The major difference, though, is that Modern Acupuncture isn’t trying to solve the utilization problem incrementally, it’s trying to solve it really fast, and they’re powering their solution with the promise of profits for investors. Modern Acupuncture is obviously counting on utilization rising to meet their costs. That’s such a big risk — particularly in light of the owner-operator issue — that thinking about it makes me feel sort of sick, actually. I guess it’s empathy, because I know what it feels like to put a ton of time and energy into making a clinic, and then hold your breath while you wait for acupuncture utilization in your community rise to meet your clinic’s needs.
Based on past experience, I find it hard to believe that Marilyn Allen started crying when Modern Acupuncture called her because she’s moved by the masses having access to acupuncture. I think it’s more likely that she was crying because she understands more than anybody how troubled the industry really is, and she hoped Modern Acupuncture might be a solution. I think the odds are that our troubled industry just got itself an equally troubled franchise.
p.s.
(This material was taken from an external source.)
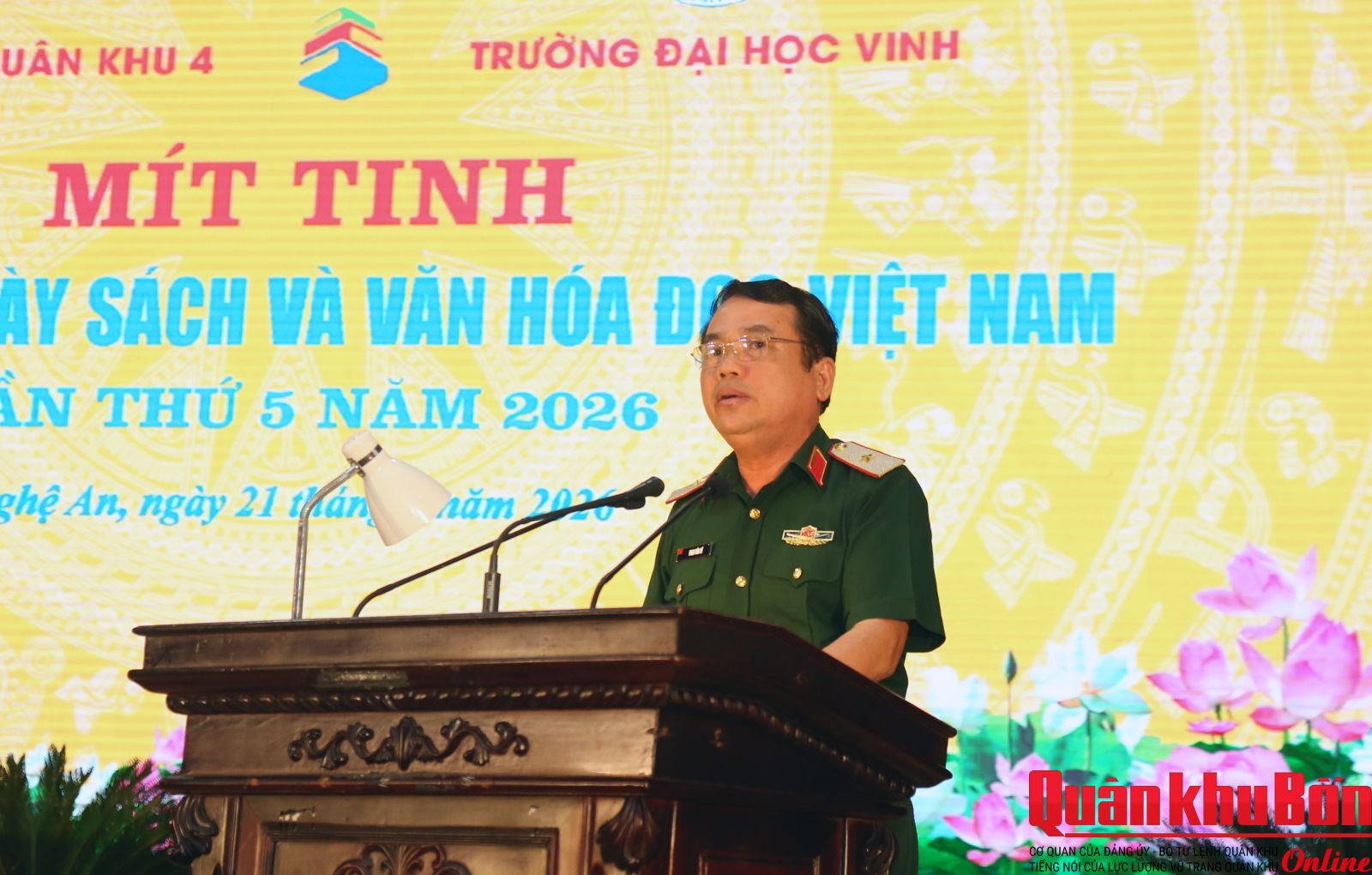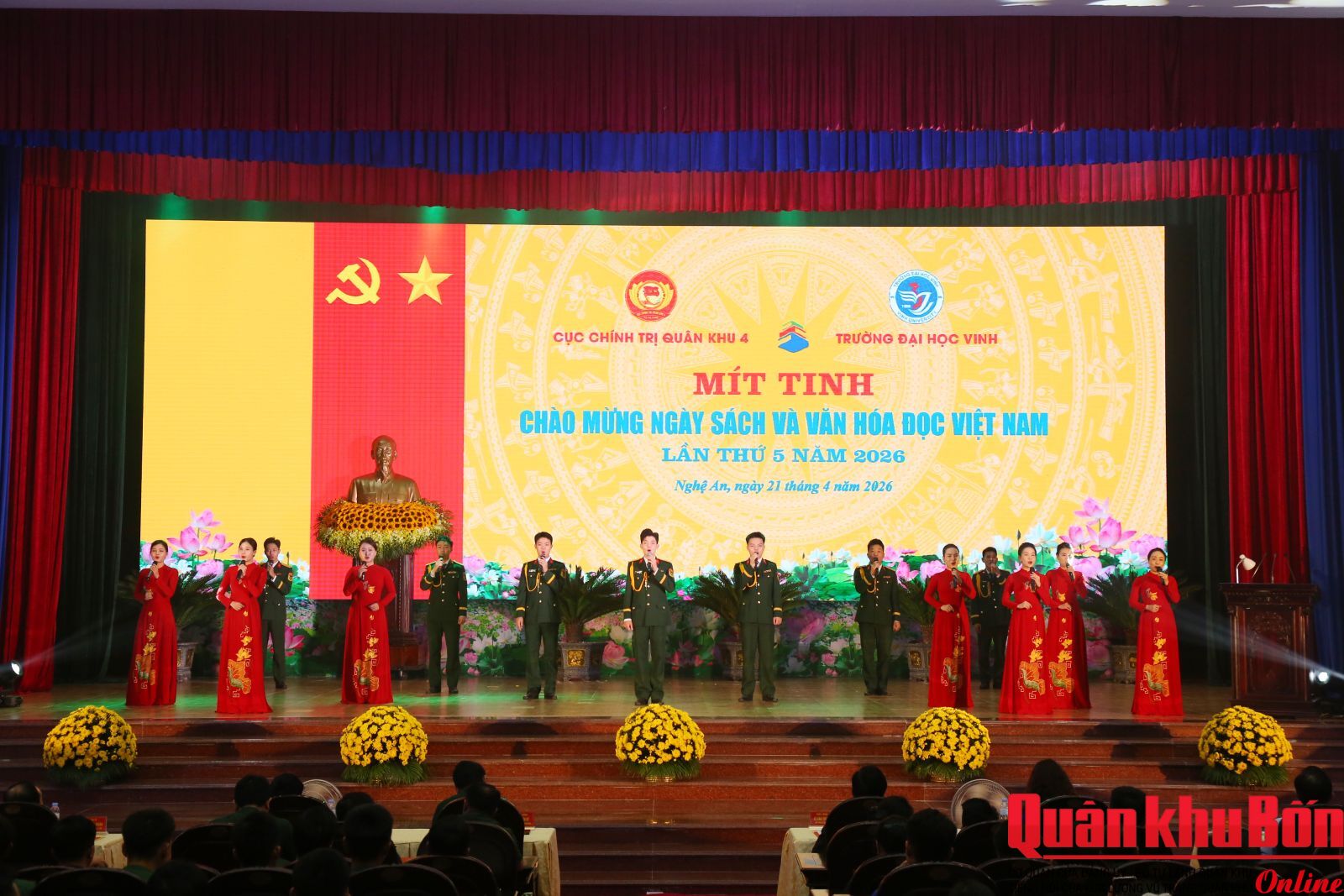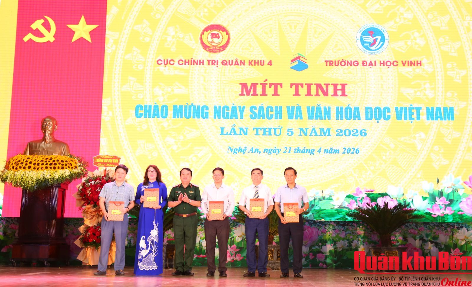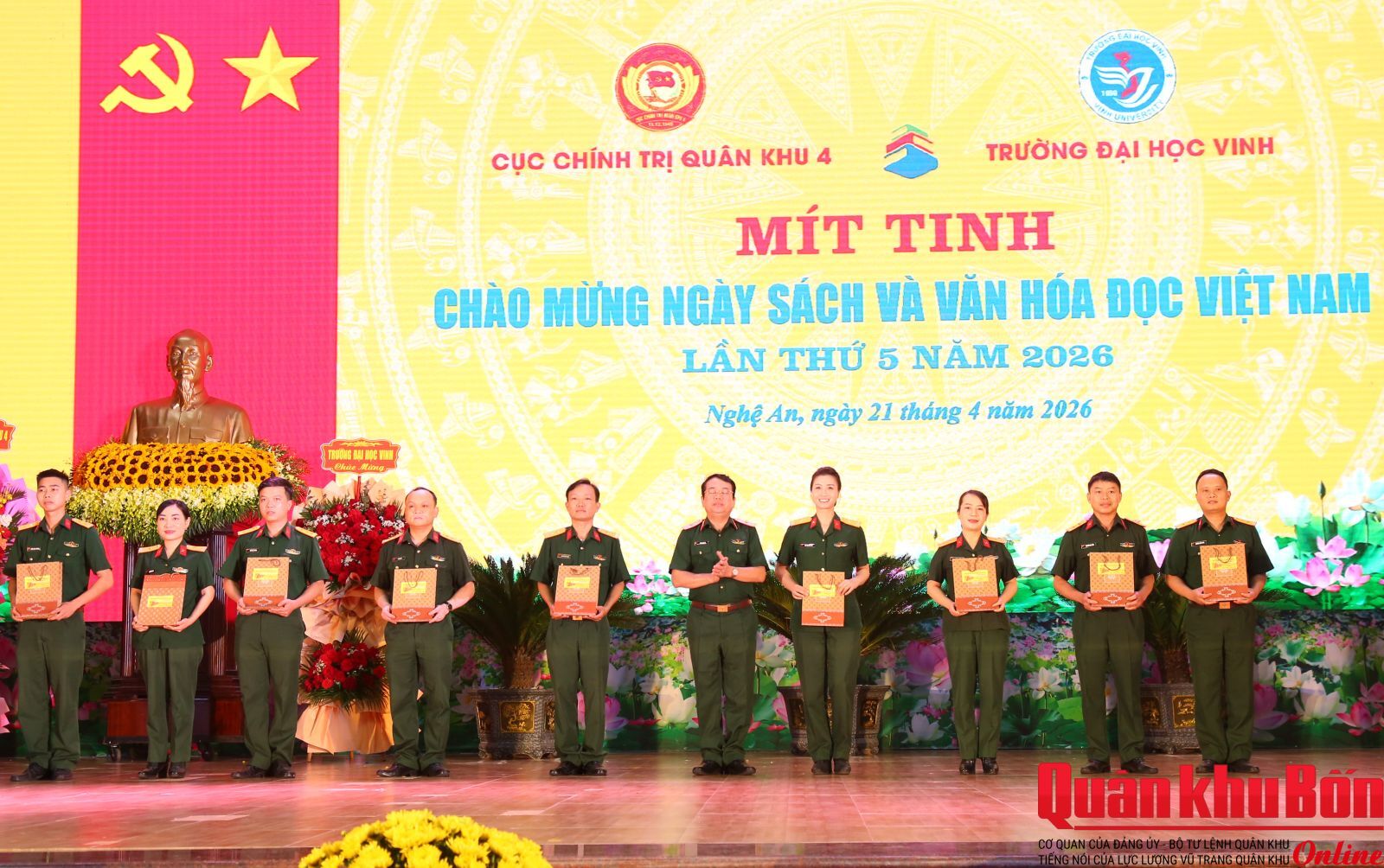 Chiều 21/4/2026, tại Nghệ An, Cục Chính trị Quân khu 4 phối hợp với Trường Đại học Vinh tổ chức mít tinh chào mừng Ngày Sách và Văn hóa đọc Việt Nam lần thứ 5 năm 2026. Hoạt động diễn ra trong không khí thi đua sôi nổi chào mừng kỷ niệm 51 năm Ngày giải phóng miền Nam, thống nhất đất nước (30/4), 72 năm Chiến thắng Điện Biên Phủ (7/5) và kỷ niệm 136 năm Ngày sinh Chủ tịch Hồ Chí Minh (19/5). Thiếu tướng Lê Văn Trung, Ủy viên Ban Thường vụ Đảng ủy, Phó Chính ủy Quân khu 4 dự, chỉ đạo chương trình.

An alert comrade drew my attention to the fact that all MA locations are now offering unlimited acupuncture in 2019 for $995. Given that this apparently undercuts their membership model, it looks pretty desperate. Even if it's a short term offer, and designed to get people to use their FSA/HSA money…I remember people trying similar things in the early days of CAN — basically, before we collectively knew what we were doing — and I never remember it working.
From the article: “A recliner chair, sleeves and pants rolled up, one practitioner serving multiple clients,………..”
“There’s no one in this industry that’s doing what we’re doing, that’s providing it affordably and convenient”
Yeah, no one has EVER seen a business model like THAT!!!
What pompous assholes! Give me my dirty communist comrades ANY day!
Someone should hand out business cards of the local POCA clinic right outside of every MA franchise!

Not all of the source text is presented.